The copy you print must match the listing exactly, with its pictures removed.

The data =>
********

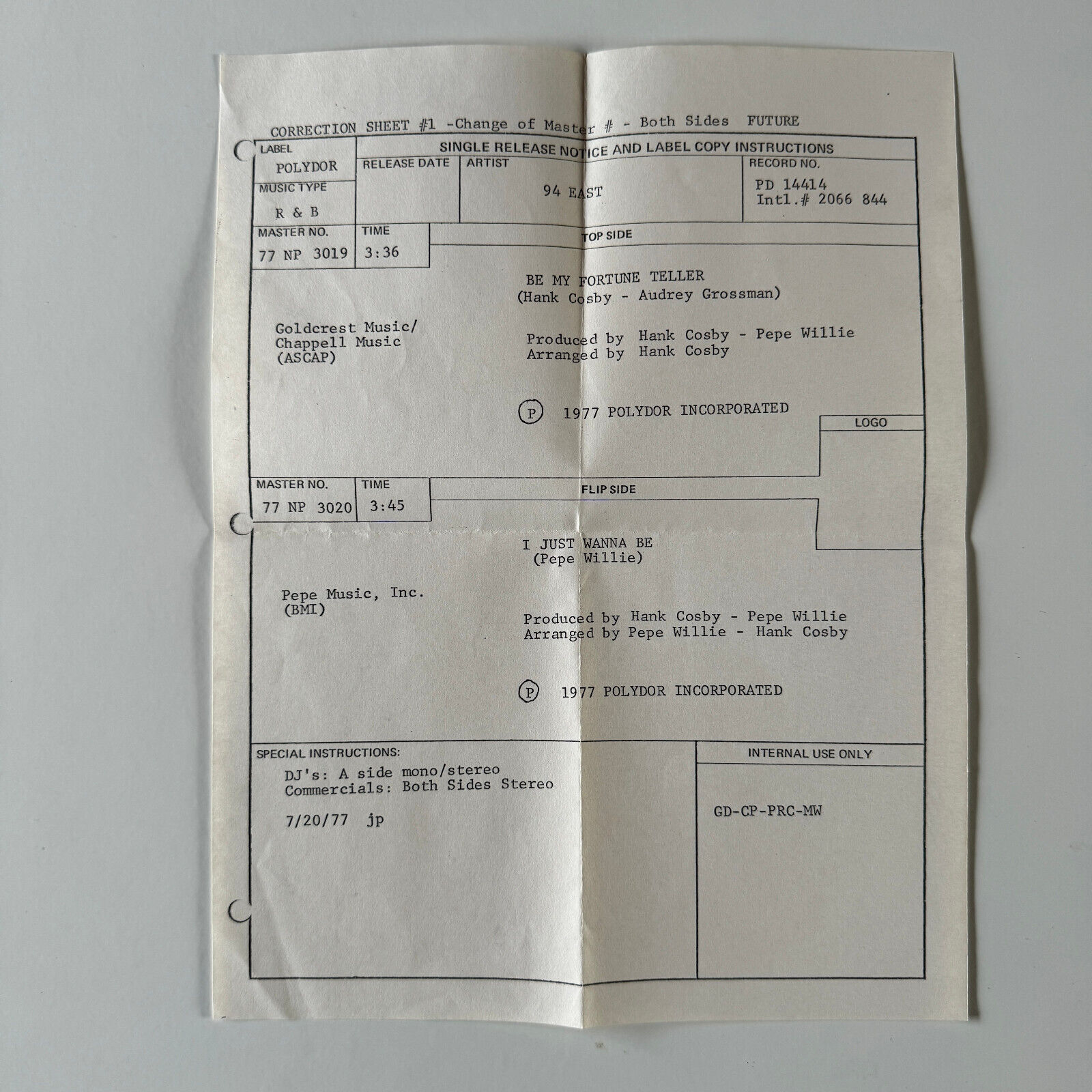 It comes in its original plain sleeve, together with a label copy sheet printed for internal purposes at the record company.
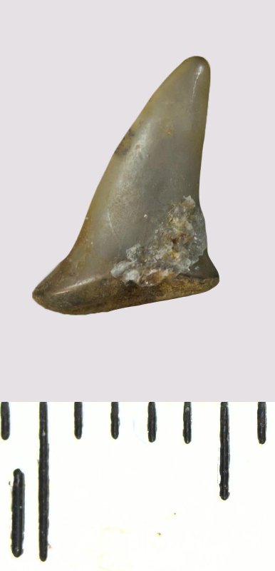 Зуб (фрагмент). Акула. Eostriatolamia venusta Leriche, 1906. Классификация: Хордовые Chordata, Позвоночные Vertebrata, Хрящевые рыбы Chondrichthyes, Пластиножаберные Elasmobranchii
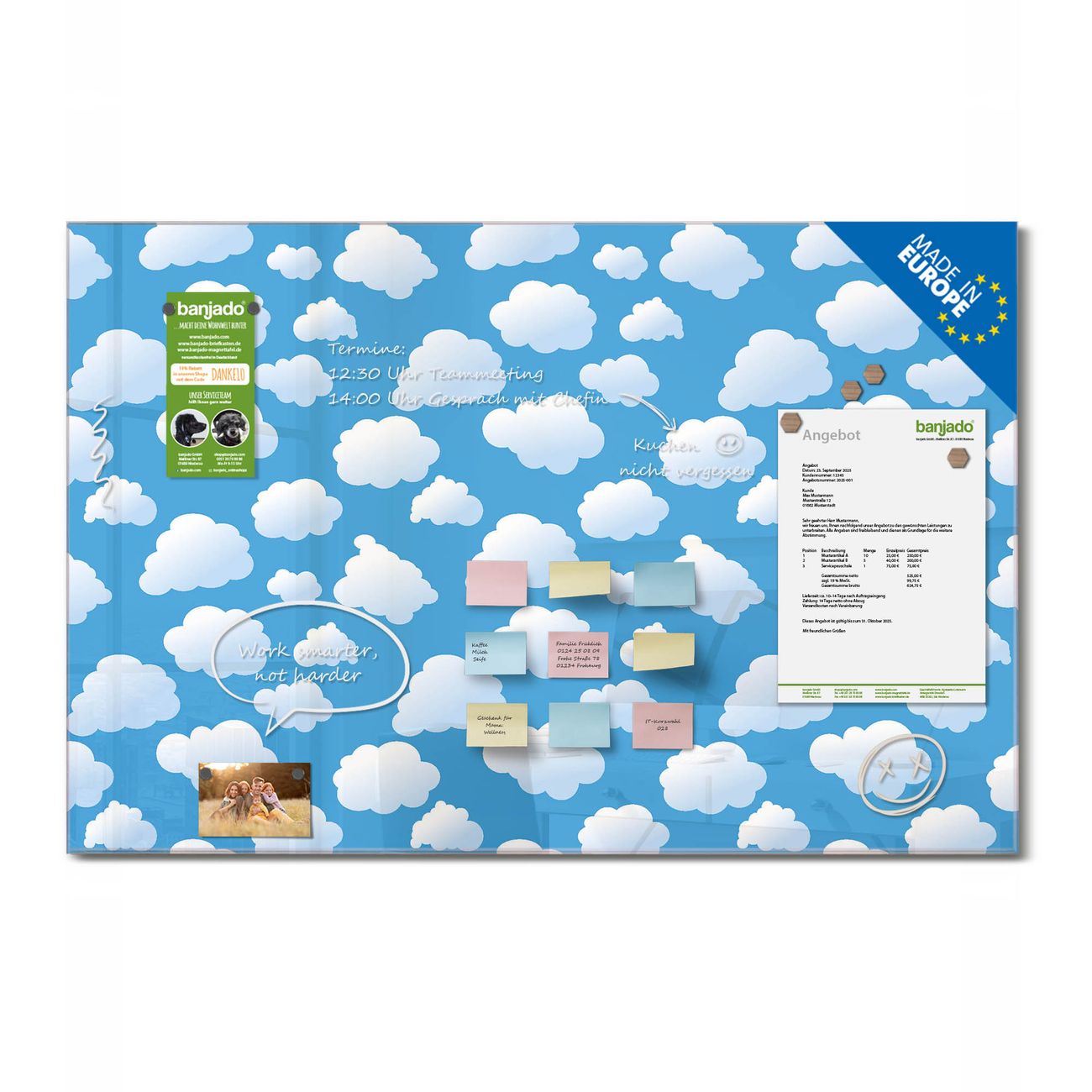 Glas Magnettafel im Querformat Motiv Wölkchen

********

Output for this task =>
 It comes in its original plain sleeve, together with a label copy sheet printed for internal purposes at the record company.
 Зуб (фрагмент). Акула. Eostriatolamia venusta Leriche, 1906. Классификация: Хордовые Chordata, Позвоночные Vertebrata, Хрящевые рыбы Chondrichthyes, Пластиножаберные Elasmobranchii
 Glas Magnettafel im Querformat Motiv Wölkchen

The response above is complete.